• [Problem to solve] Copy, word for word, the lines below from the one containing "くり抜いて切ったり、切り込み" up to and including the one containing "Women Long Sleeve", with pictures left out.

• [Provided data]
··········

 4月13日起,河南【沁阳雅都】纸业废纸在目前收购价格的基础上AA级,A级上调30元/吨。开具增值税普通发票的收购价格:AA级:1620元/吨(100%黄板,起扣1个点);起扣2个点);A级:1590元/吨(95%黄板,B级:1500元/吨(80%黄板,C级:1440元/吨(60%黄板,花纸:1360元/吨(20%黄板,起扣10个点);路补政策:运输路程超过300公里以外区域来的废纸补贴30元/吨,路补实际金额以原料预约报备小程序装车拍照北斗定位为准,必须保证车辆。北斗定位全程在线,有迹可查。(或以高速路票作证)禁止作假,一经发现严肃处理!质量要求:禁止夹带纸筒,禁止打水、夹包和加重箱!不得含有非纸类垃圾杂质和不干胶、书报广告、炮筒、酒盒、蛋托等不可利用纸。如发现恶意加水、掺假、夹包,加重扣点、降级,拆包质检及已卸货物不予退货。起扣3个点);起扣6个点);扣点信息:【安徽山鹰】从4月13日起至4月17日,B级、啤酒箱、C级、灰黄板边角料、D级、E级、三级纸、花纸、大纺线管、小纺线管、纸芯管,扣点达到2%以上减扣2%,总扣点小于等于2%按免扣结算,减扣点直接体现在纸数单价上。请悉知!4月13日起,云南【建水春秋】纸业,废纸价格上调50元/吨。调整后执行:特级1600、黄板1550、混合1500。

··········

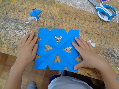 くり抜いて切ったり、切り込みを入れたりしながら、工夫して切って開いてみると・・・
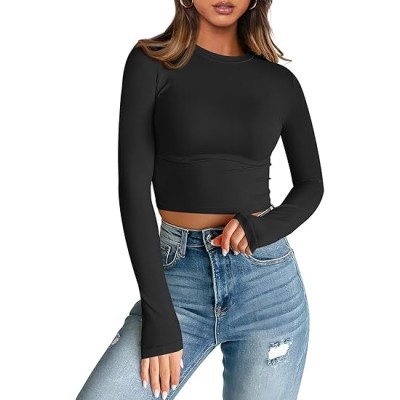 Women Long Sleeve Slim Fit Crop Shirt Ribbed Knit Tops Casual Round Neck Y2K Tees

··········

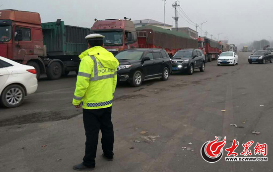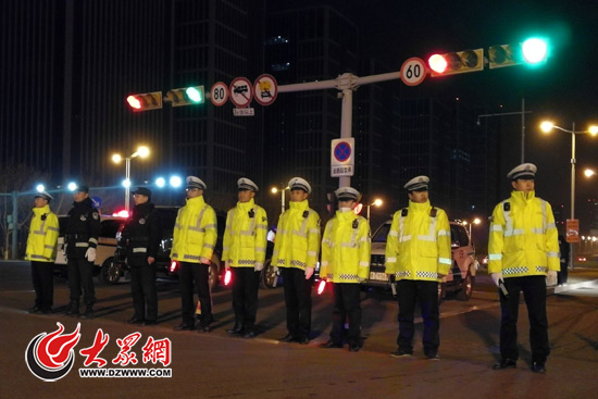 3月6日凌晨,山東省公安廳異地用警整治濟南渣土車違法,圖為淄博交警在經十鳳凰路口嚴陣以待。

··········

• [Result of this task]
 くり抜いて切ったり、切り込みを入れたりしながら、工夫して切って開いてみると・・・
 Women Long Sleeve Slim Fit Crop Shirt Ribbed Knit Tops Casual Round Neck Y2K Tees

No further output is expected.